Uçuşuyor.
Rakamlar, formüller, hayaller..
Herkesin elinde yine bir hesap makinesi!
Şu oran olursa bu kadar zam gelir. TÜFE haziranda böyle olursa şu olur. Yok refah payı şöyle gelirse yanına bir de seyyanen zam. Oh harika!
Kısacası silindir gibi gelen enflasyonu az da olsa göğüsleyebilmek için herkes hayal kuruyor.
Temmuzda yapılacak olan asgari ücret ve emekli maaşı zamları neredeyse birinci gündem maddesi haline geldi.
Özellikle de doların seçimlerle beraber coşması sayesinde zam gelmedik ürün ve hizmet kalmayınca doğal olarak herkes maaşını da zamlı beklemeye başladı!

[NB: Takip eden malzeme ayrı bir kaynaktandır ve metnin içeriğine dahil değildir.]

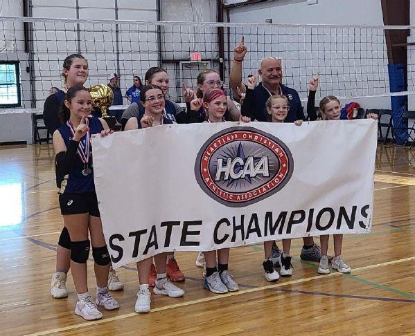 The Liberty Academy girls' junior high volleyball team after winning state. Photo Credit: Photo Submitted

Asgari Ücret Tespit Komisyonu ilk toplantısını 13 Haziran’da yapacak.
İşveren kesimi pek cömert görüntü vermiyor son açıklamalar çerçevesinde.
İşçi temsilcileri ise yüksek seviyeden bir pazarlık kapısı açma gayretinde!
Kritik rakam olarak ise 500 dolar dolanıp duruyor.
Ama unutmayalım ki o geçmiş dönemde yapılmış bir açıklama.
Şu anda bakanlık koltuğunda oturmayan Vedat Bilgin tarafından telaffuz edilmiş temenni tadında bir kavram durumunda sadece!
Yani siyaseten bağlayıcılığı olan bir vaat niteliği taşımıyor.
Somut vaatler memur maaşlarında net biçimde ifade edilmiştir rakamsal bazda mesela.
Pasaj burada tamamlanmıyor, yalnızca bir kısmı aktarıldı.